Bruno Wolff III wrote:
On Tue, Mar 10, 2009 at 22:55:05 -0500,
  Bruno Wolff III <bruno wolff to> wrote:
On Tue, Mar 10, 2009 at 17:47:04 -0400,
  Todd Denniston <Todd Denniston ssa crane navy mil> wrote:
Bruno Wolff III wrote, On 03/10/2009 05:34 PM:
Repartitioning the raw device would probably work. You would then create
a filesystem on the partition.

No, if you repartition the device, you wipe out the ability for the U3 removal tool to work, but the fake CD remains IIRC.
Maybe I am missing something. If you write over the blocks with the U3
tool, how does it not get erased?

Is this tool located somewhere of than the normal blocks on the device?

I found some info, though it doesn't look like the full details are
publicly known.

The device shows itself as two devices and indicates different types for
each so that one looks like mass storage and the other a cd drive.
It is suspected that nonstandard scsi commands are required to write
to the cd device. Some people have tricked one of the available tools into
loading custom isos into the cd portion of the device.
So it looks like you do need a special tool if you want to have the space
initially reserved for the cd image released for use in the normal part.
Probably theer is some secret scsi command to do this that wouldn't be
too hard to find if someone were serious about figuring it out.
Why anyone would want one of these devices is beyond me. It's a security
nightmare for both the computer being used (due to autorun being enabled)
and the usb device owner (due to not just running code from the device).
If you own both, there is no reason to have that feature.


I agree with this.

When I had the software removed from one device. The person that was doing it for me had to disconnect most USB devices from his computer. It also wouldn't work with the USB port on his monitor.

I did some searching at the time and found that there are keylogger tools that will auto install like a trojan onto the U3 partition. Big security risk.

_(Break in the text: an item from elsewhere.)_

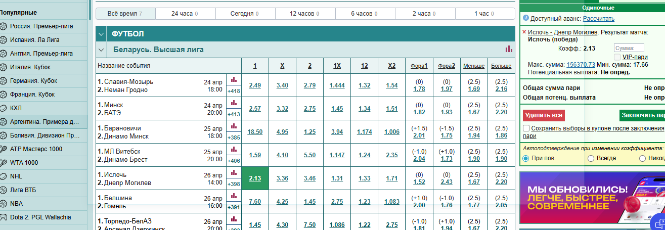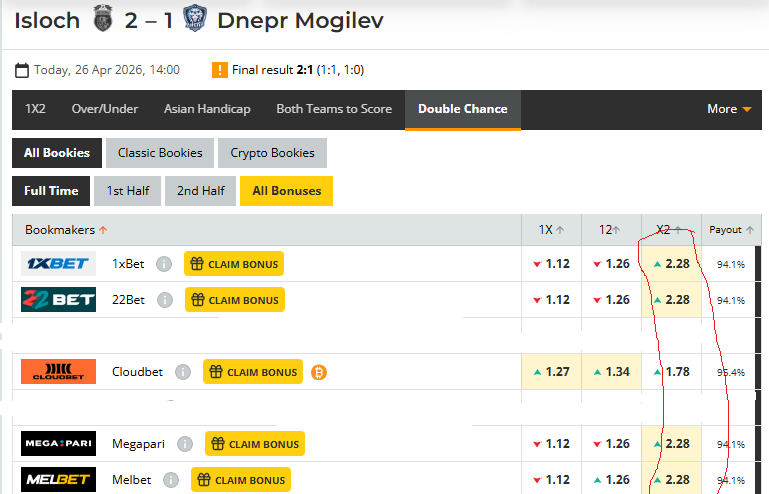 Вышка. Беларусь. 26 апреля матч. 15:00. Ислочь - Днепр могилев п1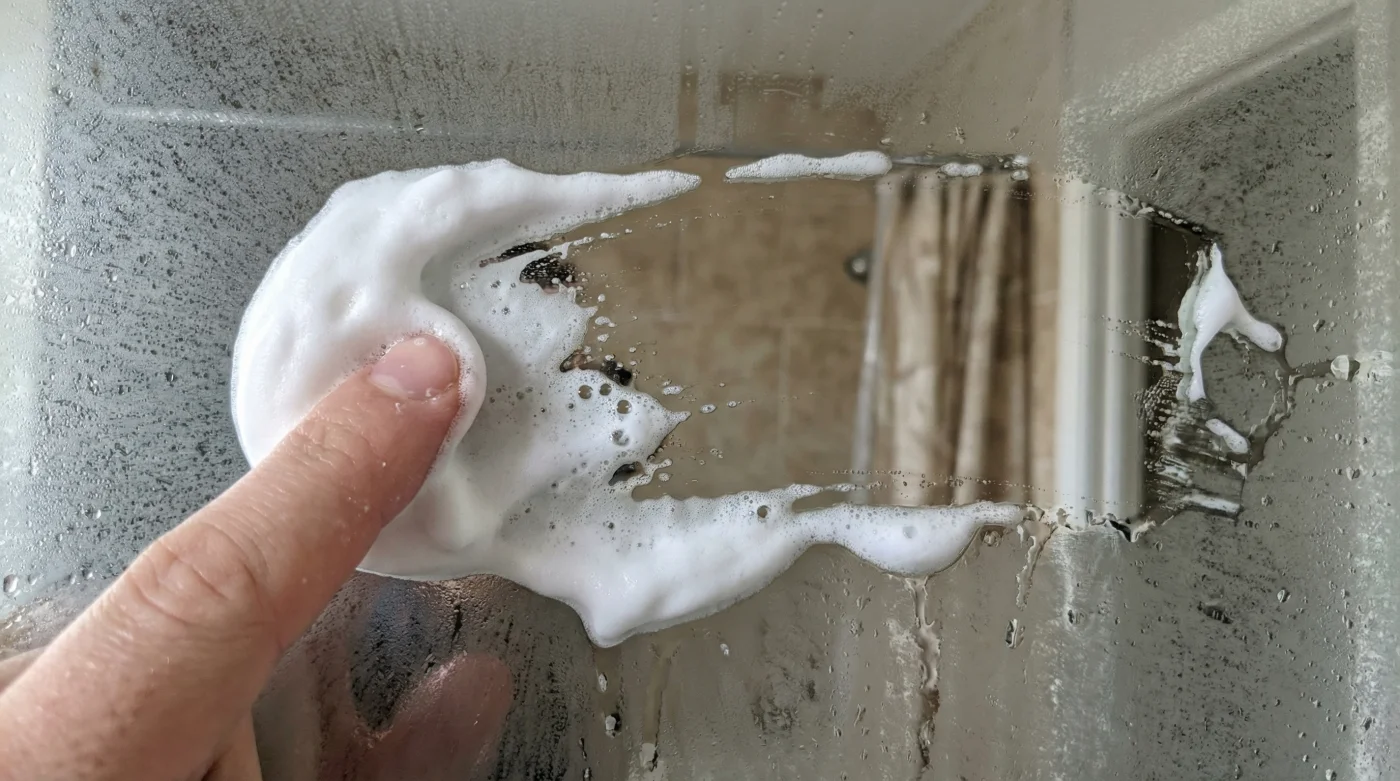 You do not need to alter the temperature of the room to stop this. You just need to change the glass. Foaming shaving cream is rich in surfactants—compounds that lower the surface tension of liquids. When you rub a thin layer into the mirror, it leaves behind an imperceptible film. Instead of forming microscopic droplets that blind the glass, moisture hits the surfactant and flattens out, sheeting off completely clear.

Also, my daughter had her stick with U3 on it for school. The Mac computers would constantly corrupt the data because the dual partitions when unmounting.

Before I asked someone with Windows to remove the U3 code, I tried everything I could find to test this. Even after this, I still needed a Windows box to remove the code.

On the download page for the tool, there was a comment box that I voiced my opinion on.